──────── Data supplied

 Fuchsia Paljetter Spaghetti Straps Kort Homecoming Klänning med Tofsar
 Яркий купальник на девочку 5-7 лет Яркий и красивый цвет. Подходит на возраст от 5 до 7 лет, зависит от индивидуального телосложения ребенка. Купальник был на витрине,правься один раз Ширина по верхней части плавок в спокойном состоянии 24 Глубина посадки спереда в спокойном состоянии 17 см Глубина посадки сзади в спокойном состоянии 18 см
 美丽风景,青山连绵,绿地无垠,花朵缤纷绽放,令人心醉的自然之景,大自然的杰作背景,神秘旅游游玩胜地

────────────────
──────── Data supplied

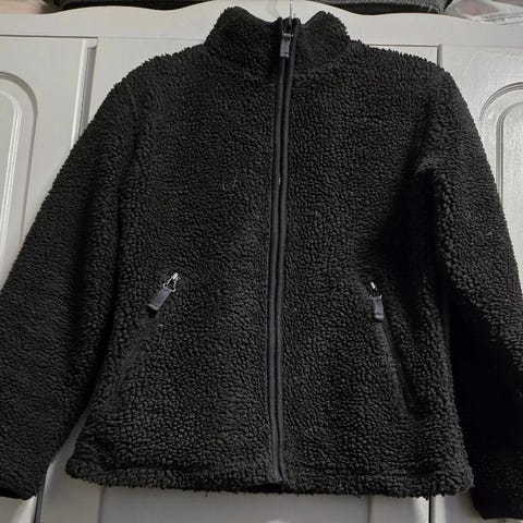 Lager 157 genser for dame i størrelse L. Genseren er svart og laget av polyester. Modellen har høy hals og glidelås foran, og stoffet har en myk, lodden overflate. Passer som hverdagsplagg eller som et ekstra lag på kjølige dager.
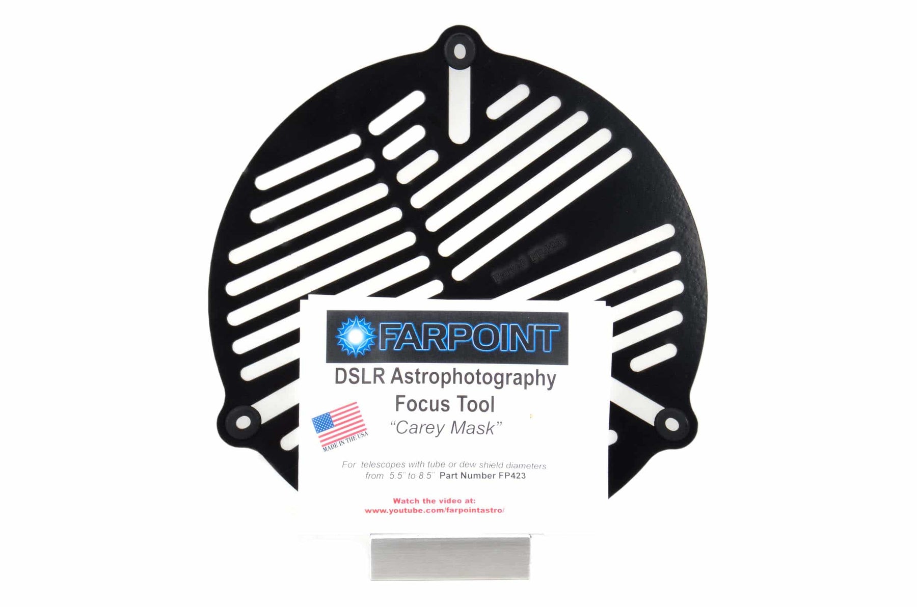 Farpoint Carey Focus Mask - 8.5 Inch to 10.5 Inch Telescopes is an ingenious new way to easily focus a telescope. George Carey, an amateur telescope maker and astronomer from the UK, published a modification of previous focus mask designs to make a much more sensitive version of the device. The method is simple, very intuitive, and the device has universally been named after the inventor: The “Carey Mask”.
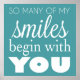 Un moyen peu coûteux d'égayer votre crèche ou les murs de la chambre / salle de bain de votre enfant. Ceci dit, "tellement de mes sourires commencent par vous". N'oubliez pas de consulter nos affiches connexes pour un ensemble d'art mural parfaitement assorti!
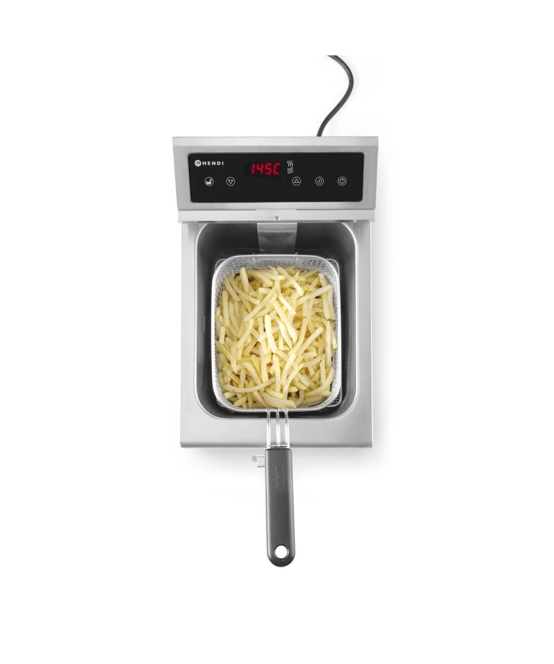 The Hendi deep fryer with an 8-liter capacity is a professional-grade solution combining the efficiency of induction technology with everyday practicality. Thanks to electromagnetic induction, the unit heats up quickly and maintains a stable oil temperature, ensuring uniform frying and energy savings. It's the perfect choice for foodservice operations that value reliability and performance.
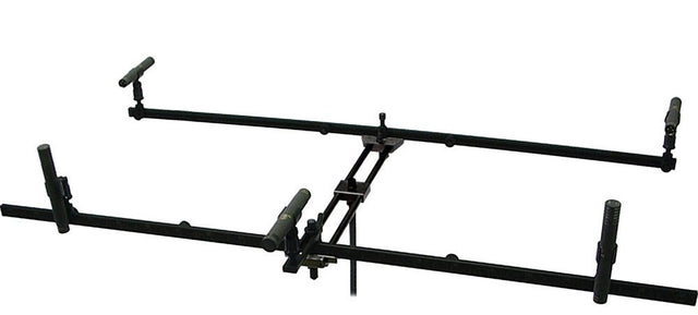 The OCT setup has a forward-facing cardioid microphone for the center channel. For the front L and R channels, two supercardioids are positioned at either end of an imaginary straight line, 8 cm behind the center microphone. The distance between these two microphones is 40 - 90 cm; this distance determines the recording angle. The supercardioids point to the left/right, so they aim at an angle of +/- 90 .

────────────────

● **Task description**
Give back precisely the lines above that start at the line containing "Fuchsia Paljetter Spaghetti" and end at the line containing "美丽风景,青山连绵,绿地无垠", inclusive. No other lines belong in the output.

● **Exercise answer**
 Fuchsia Paljetter Spaghetti Straps Kort Homecoming Klänning med Tofsar
 Яркий купальник на девочку 5-7 лет Яркий и красивый цвет. Подходит на возраст от 5 до 7 лет, зависит от индивидуального телосложения ребенка. Купальник был на витрине,правься один раз Ширина по верхней части плавок в спокойном состоянии 24 Глубина посадки спереда в спокойном состоянии 17 см Глубина посадки сзади в спокойном состоянии 18 см
 美丽风景,青山连绵,绿地无垠,花朵缤纷绽放,令人心醉的自然之景,大自然的杰作背景,神秘旅游游玩胜地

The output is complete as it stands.